FEATURED

Keberlanjutan Pembangunan itu Sekadar Omong Kosong

Keberlanjutan Pembangunan itu Sekadar Omong Kosong

Jargon dalam kampanye pilpres kemarin adalah adanya pembangunan yang berkesinambungan. Apakah benar demikian? Bisa dilihat lebih jauh, keknya tidak deh. Bisa diulik lebih lagi, berkaitan dengan istilah saja, jangan bicara mengenai system atau kurikulum, konteks pendidikan.

Satu, PPDB menjadi SPMB

Apa sih yang mendasar dari istilah pendaftaran mau murid atau peserta didik? Toh semuanya sama, dulu bertahun-tahun juga istilahnya hanya pendaftaran, tidak perlu seribet ini. Hasilnya jauh lebih baik, pendidikan yang tidak terlalu banyak masalah.

Apa iya, hanya sekadar menjadi monumen bagi pejabatnya sih? Lha jika mau menjadi kenangan atas kinerja ya tunjukkan dengan bukti prestasi, capaian, misalnya anak muridnya pemahaman dalam riset PISA naik pesat. IQ rata-rata di atas 95, kan itu jelas  capaian dan pasti akan dikenang, berhasil. Prestasi bukan sensasi.

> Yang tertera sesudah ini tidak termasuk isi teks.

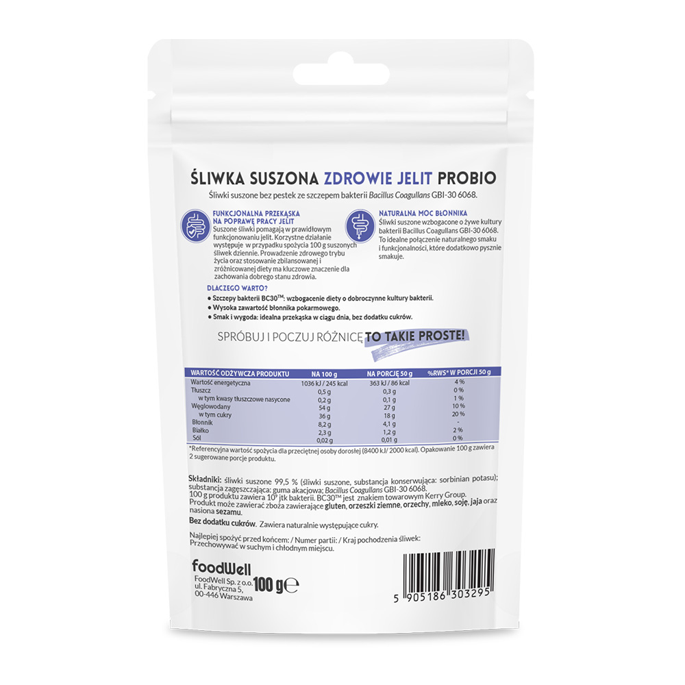 Śliwki suszone PROBIO to doskonałe połączenie tradycyjnego smaku suszonych owoców i nowoczesnych rozwiązań funkcjonalnych. Regularne spożywanie 100 g śliwek dziennie wspomaga trawienie i poprawia komfort pracy jelit. To idealny sposób na naturalne wsparcie organizmu w codziennej diecie.
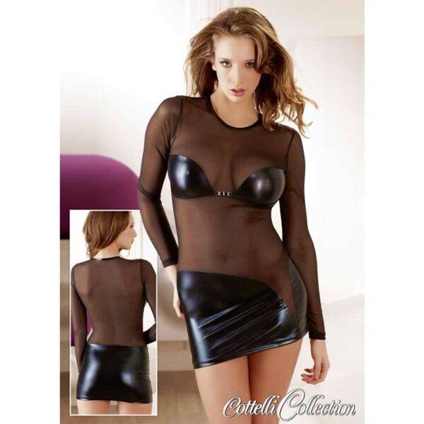 This black minidress plays with cuts and fabrics. Opaque wetlook bra and bottom details and the rest is sheer translucency. Gemstone details trim the front. Clean cut with long sleeves. Black. 60% polyamide, 30% polyester, 10% elastane.
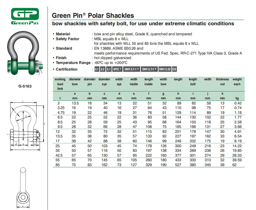 Green Pin Polar® 弓形聯軸器 BN 是一款具有安全螺栓的弓形聯軸器,經過優化可在低溫下使用。該聯軸器可在極端氣候條件下使用,溫度低至-60°C(-76°F)。該聯軸器提供雙重安全保障(分裂銷釘和安全螺栓),防止銷釘意外松動。由于Green Pin Polar® 弓形聯軸器 BN 進行了鍍鋅處理,因此保證了其長期耐用性。當然,Green Pin Polar® 弓形聯軸器 BN 符合DNV GL等船級社的一系列認證要求。Green Pin Polar® 弓形聯軸器 BN 適用于單腿和多腿系統,工作載荷范圍從2噸到85噸。
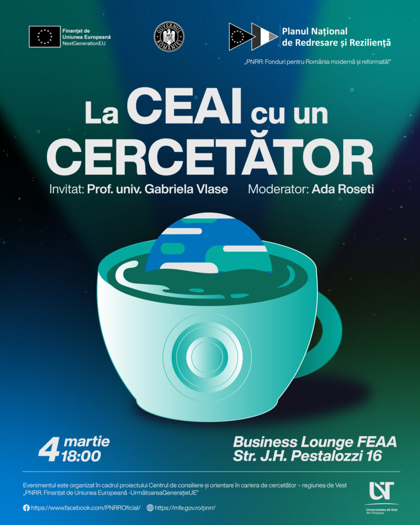 Te invităm la o seară relaxată, în care vom avea o conversație sinceră despre știință, cum o aducem mai aproape de oameni și care este rolul cercetătorului în societate. Evenimentul „La ceai cu un cercetător”, organizat în cadrul Research and Innovation Days UVT 2026 de către CeCOCe-Vest (Centrul de Consiliere și Orientare în Cariera de Cercetător – regiunea de Vest), creează un spațiu de dialog direct între cercetători și comunitate.

Dua, Peserta Didik menjadi Murid

Balik lagi, istilah semata. Apa bedanya murid, peserta didik, anak murid, siswa, toh artinya sama. Mengubah semata peristilahan, namun tidak menambah mutu dari pendidikan yang dilakukan, ya buat apa? Sekadar lagi-lagi hanya sekadar istilah?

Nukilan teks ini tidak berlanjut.